BEIJING • China's economy expanded faster than expected in the second quarter, setting the country on course to comfortably meet its 2017 growth target and giving policymakers room to tackle big economic challenges ahead of key leadership changes later this year.
The boost to growth was in part driven by firmer exports and production, in particular steel, which could heighten trade tensions as both the United States and China begin economic talks this week.
China's gross domestic product (GDP) rose 6.9 per cent in the second quarter from a year earlier, the same rate as in the first quarter, the National Bureau of Statistics said yesterday.

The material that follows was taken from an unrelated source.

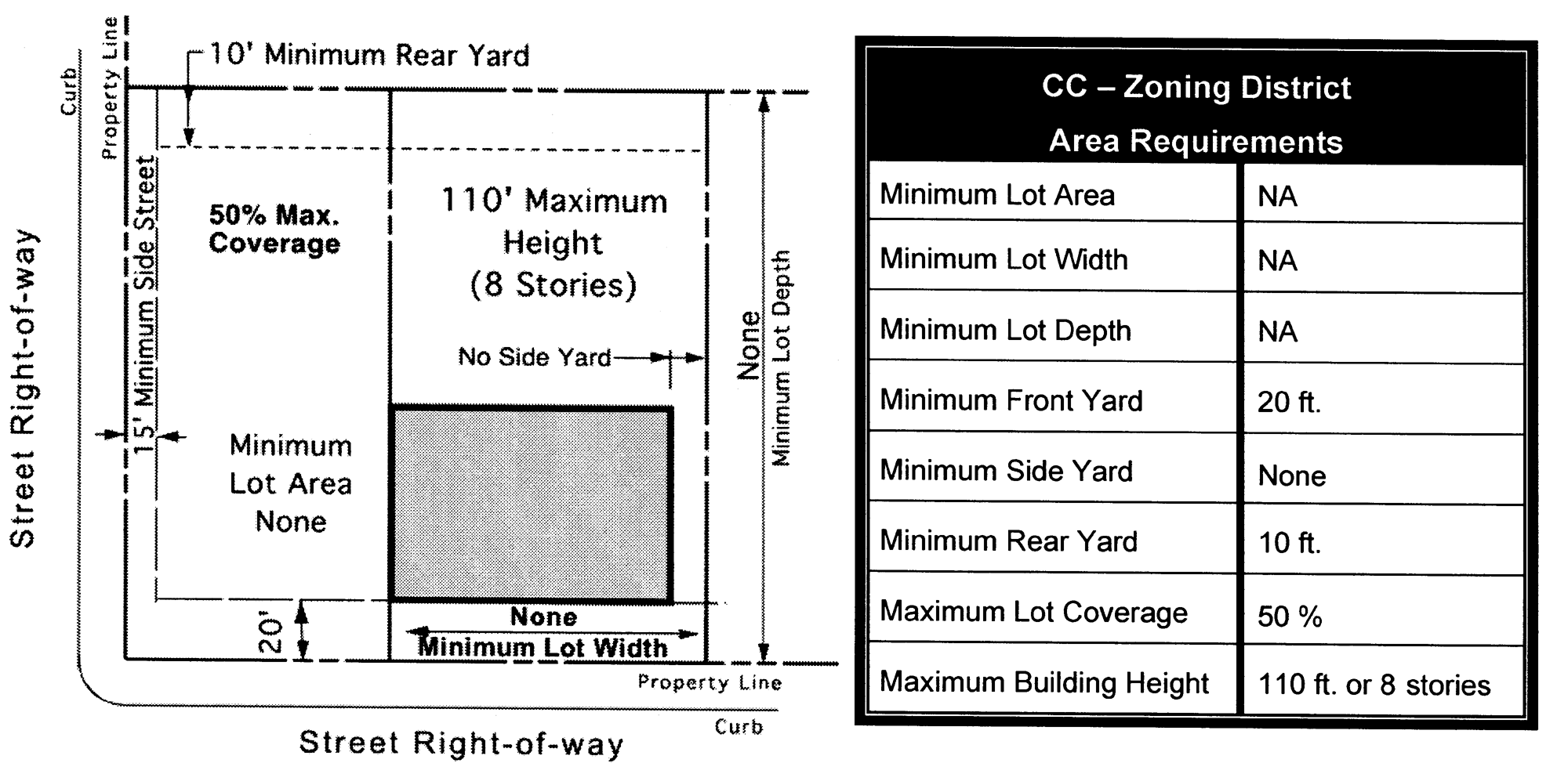 Area requirements. The requirements regulating the mimimum lot size, minimum yard size (front, side, and rear), maximum building height (stories and feet), and maximum lot coverage, and minimum floor area, as it pertains to this district, shall conform with the provisions provided in the density, area, yard, height, and lot coverage requirements for the CC zoning district.

Economic data from the second quarter has prompted a number of analysts to upgrade their GDP forecasts for China for 2017, although some moderation in growth is expected later this year as policymakers' efforts to rein in property and debt risks weigh on activity.
"In general, we expect GDP growth to remain robust in the second half but slower than in the first half, due to the high base," Citi economists said in a research note. "Looking ahead, uncertainty remains on investment and trade."
The robust data briefly helped China's major stock indexes recoup earlier losses, before retreating later in the session.
The second-quarter numbers put the economy on a strong footing to meet China's growth target of around 6.5 per cent this year, which would give policymakers room to defuse financial risks.
Rise in China's gross domestic product in the second quarter, from a year earlier.
While growth in the high-flying property sector has cooled this year, a rebound in exports after several years of decline has helped prevent any broader slowdown in China's economy.
Retail spending and factory output were also bright spots in the first half.
Retail sales growth picked up to 10.8 per cent in the second quarter from 10.0 per cent in the first quarter, a Reuters calculation based on official data shows.
Factory output also picked up in the second quarter, though the 6.9 per cent growth for the first half was only a slight pick-up from recent quarters.
The improving economy is no doubt welcome news ahead of a reshuffle of the top ranks of government at an autumn congress of the ruling Communist Party of China, with the leadership keen to ensure a smooth run-up to the meetings.
President Xi Jinping is widely expected to tighten his grip on power at the party congress, which could give him more clout to push through what analysts say are long overdue but painful reforms such as restructuring massive state firm debt.